Pragmatists, on the other hand, like to see with their eyes open. They don't
trust visionaries for the same reasons that they don't trust people who want
to navigate using _the force_.' - Moore, Geoffrey A. _Inside the Tornado_
(1995) p. 19

for background: <http://en.wikipedia.org/wiki/Crossing_the_Chasm>

------
johnglasgow
"many entrepreneurs would tell you that even considering the possibility of
failure undermines your chances of success."

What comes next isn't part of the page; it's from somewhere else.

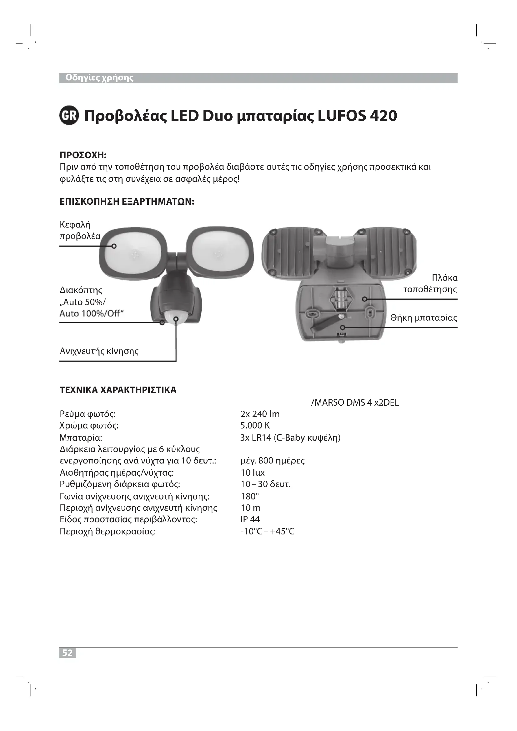 Πριν από την τοποθέτηση του προβολέα διαβάστε αυτές τις οδηγίες χρήσης προσεκτικά και φυλάξτε τις στη συνέχεια σε ασφαλές μέρος! ΕΠΙΣΚΟΠΗΣΗ ΕΞΑΡΤΗΜΑΤΩΝ: ΤΕΧΝΙΚΑ ΧΑΡΑΚΤΗΡΙΣΤΙΚΑ /MARSO DMS 4x2 :DEL mI 042 x2 :ςότωφ αμύεΡ K 000.5 :ςότωφ αμώρΧ )ηλέψυκ ybaB-C( 41RLx3 :αίραταπΜ Διάρκεια λειτουργίας με 6 κύκλους ενεργοποίησης ανά νύχτα για 10 δευτ.: μέγ. 800 ημέρες Αισθητήρας ημέρας/νύχτας: 10 lux Ρυθμιζόμενη διάρκεια φωτός: 10 – 30 δευτ. Γωνία ανίχνευσης ανιχνευτή κίνησης: 180° Περιοχή ανίχνευσης ανιχνευτή κίνησης 10 m Είδος προστασίας περιβάλλοντος: IP 44 Περιοχή θερμοκρασίας: -10°C – +45°C Οδηγίες χρήσης

Although I'm overly optimistic about my own company just like every other
entrepreneur, you can't be naive and think you'll never face failure knowing
you have a 10% chance of success. Starting a company is all about failing,
pivoting, and moving past it. So I'd say that you have to expect failure along
the way and be ready to overcome it.

------
lionhearted
I'm reminded of a quote:

"Positions are seldom lost because they have been destroyed, but almost
invariably because the leader has decided in his own mind that the position
cannot be held." - General A. A. Vandegrift, United States Marine Corps

I think this is often true in entrepreneurship.

------
alex1
I like to think of what others think of as "failures" as just temporary
obstacles to get to where I want to be.

The success of an entrepreneur may depend on what exactly they consider to be
a failure, rather than just a temporary obstacle.

------
sebg
From the article - "I am not an entrepreneur, but I don’t think it’s that
simple. Entrepreneurship is all about overcoming the odds."

Seems dangerous to read too much into what the author says until (s)he has
actually gone through the experience they want to write about.